7月11日(金)福岡県立宗像中学校・高等学校にて出前授業が行われました
2025.07.31
2025年7月11日(金)、福岡県立宗像中学校・高等学校にて、廣瀨慧教授による出前授業が行われました。対象は中学三年生の78名全員で、50分×2コマの計100分の授業が、視聴覚室にて行われました。
授業の内容は前半(板書形式)と後半(スライド形式)に分かれており、『データの背後にある「構造」を見抜く』という題目に沿った形で行われました。前半は廣瀨教授が数学の道に進んだときの経験と、統計の面白さについて講演していただきました。後半は「100m走と年収の疑似相関」を題材とした講義が行われました。日本人男性の 100m 走の記録と年収でグラフを書くと、『100m走の記録が遅いほうが年収が高い』という関係があるように見えます。この説明として、年齢という隠れた要因が大きな影響を持つことが示されました(年齢が高いほど100m走は遅くなり、年収は高くなる傾向にある)。続いて、年齢の影響を取り除くとどうなるのかという疑問に移り、実際に取り除いたグラフが紹介されたあと、このグラフを描く際に用いた数理的な考え方についても解説されました。疑似相関のグラフを見た生徒からはざわめきが起こり、表示された数式の複雑さには驚く声が挙がるなど、生徒の関心を引き出す授業となりました。

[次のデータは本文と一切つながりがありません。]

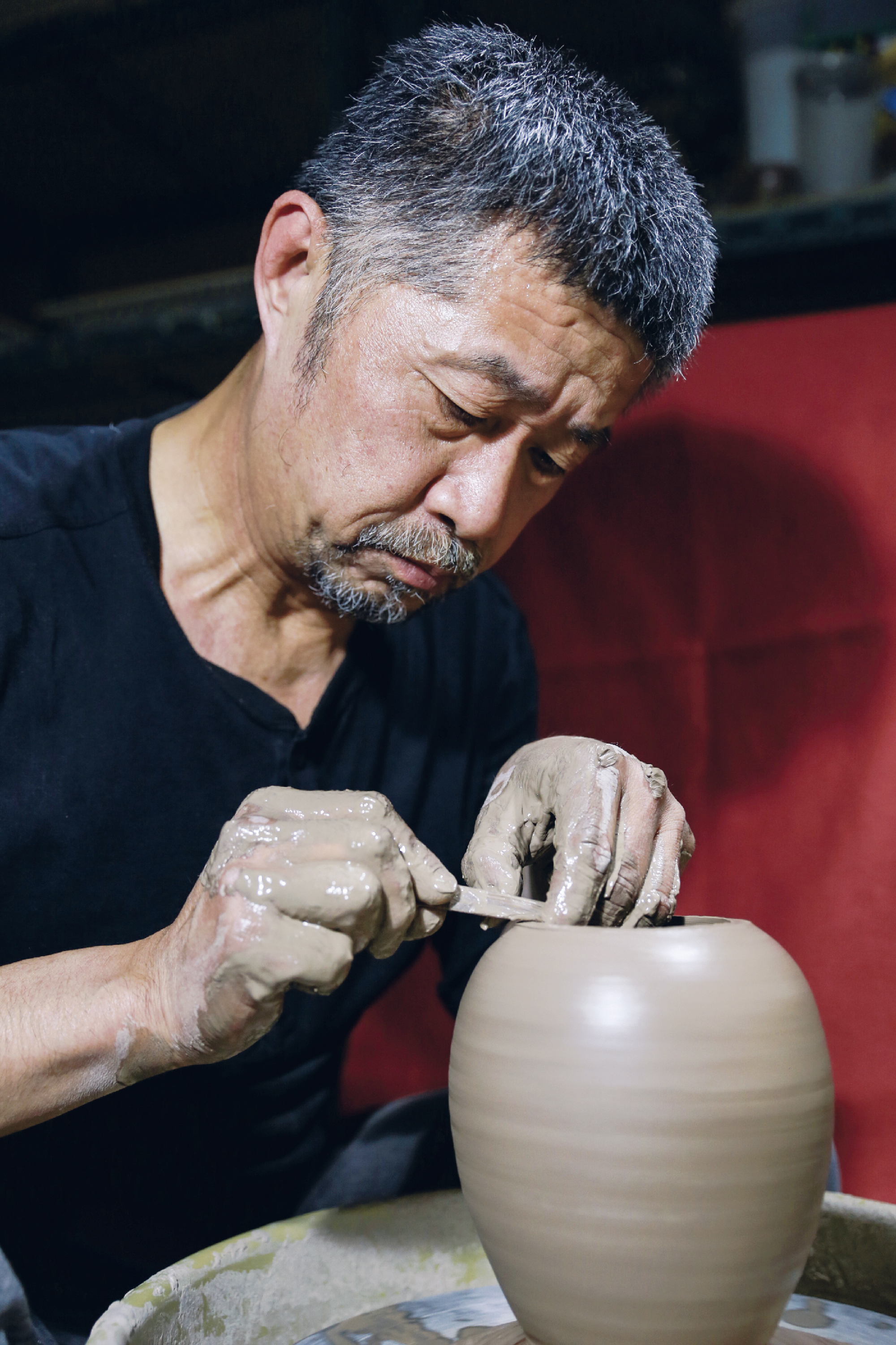 その後、陶芸職人として彼が創作の場に選んだのは三峡であった。もともと彫刻を愛する李志豪は陶芸との融合を試み、自分のスタイル確立を模索していた。「陶芸の創作では土との対話が必要です」と語るように土と火、そして心の調和が陶芸には重要である。彫刻の美を作品に表現するため釉薬を用いず、薪窯を研究し、さらに三峡の土を陶芸素材に用いる。「三峡は環境がよく、水や土の質も良いし、中でも豊かな鉱物質を含んだ土を窯で焼くと、魅力的な趣きの色が生まれます」と話す。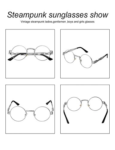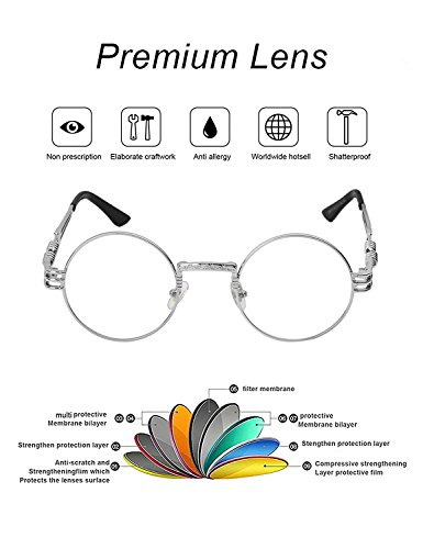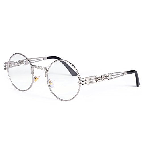 HUA JU Vintage John Lennon Style Metal Spring Frame Round Steampunk Glasses with Clear Lens
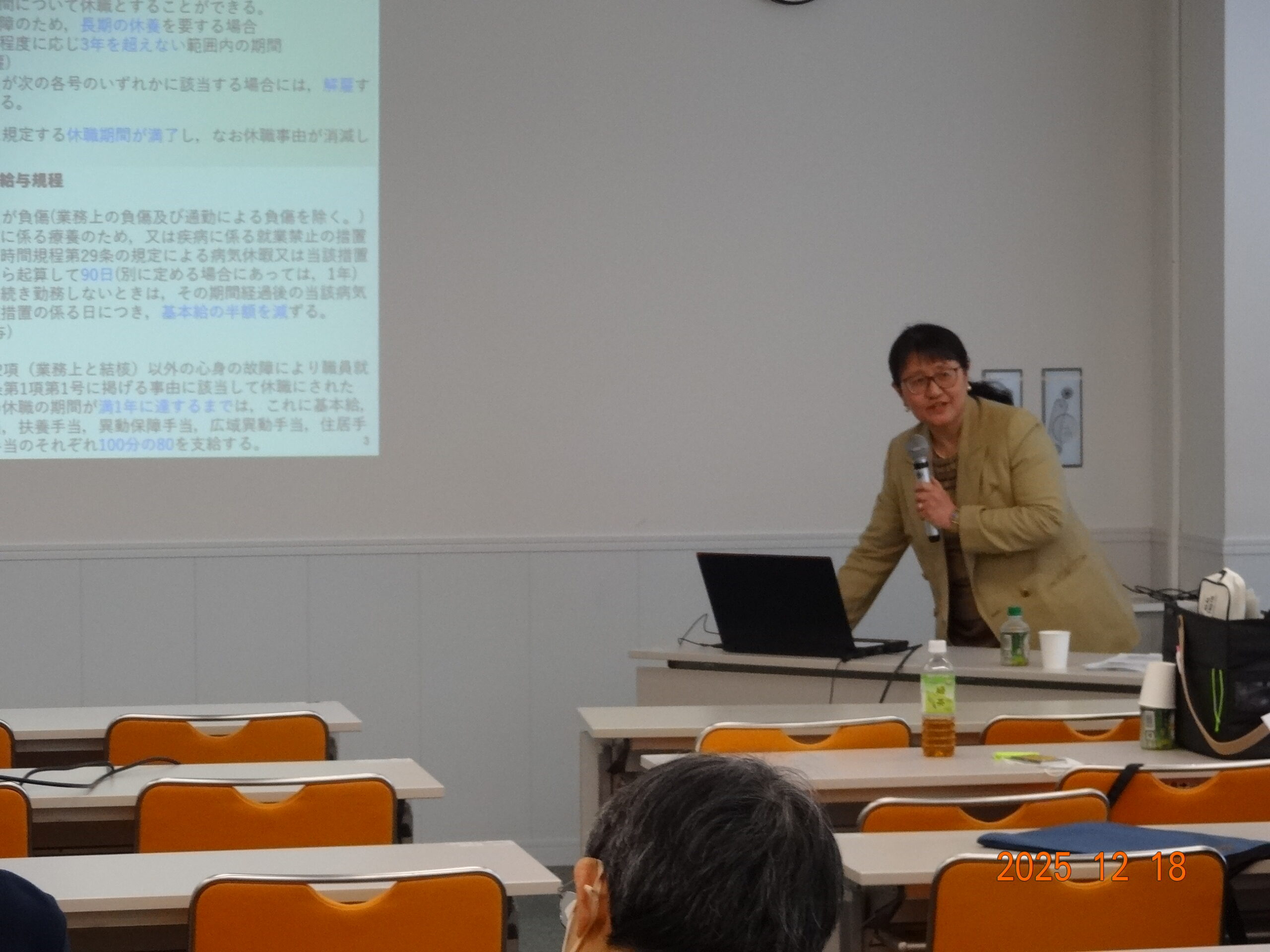 職場におけるメンタル不調者の増加の中で、適応障害とうつ病の違い、自律神経失調症のほか様々な精神疾患の症状や治療方法について説明、「病状への理解を深め、労使のコミュニケーションを密に取ることが大事です」「メンタルヘルス対策は、事業者の社会的責任であるとともに、活力のある職場作りの第一歩です。」と語る岡田浩子氏

講義終了後の質疑応答では、生徒自身が取り組む研究で得られたデータの重要な要素を取り出す方法や、アンケートを実施する際の適切な人数など、高度な質問が寄せられました。一方で講義後のアンケートでは、一次関数の意外な利用に驚くコメントや、グラフに隠れた理由の重要性を実感した声も寄せられ、多くの生徒にとって意義深い授業であったことがうかがえました。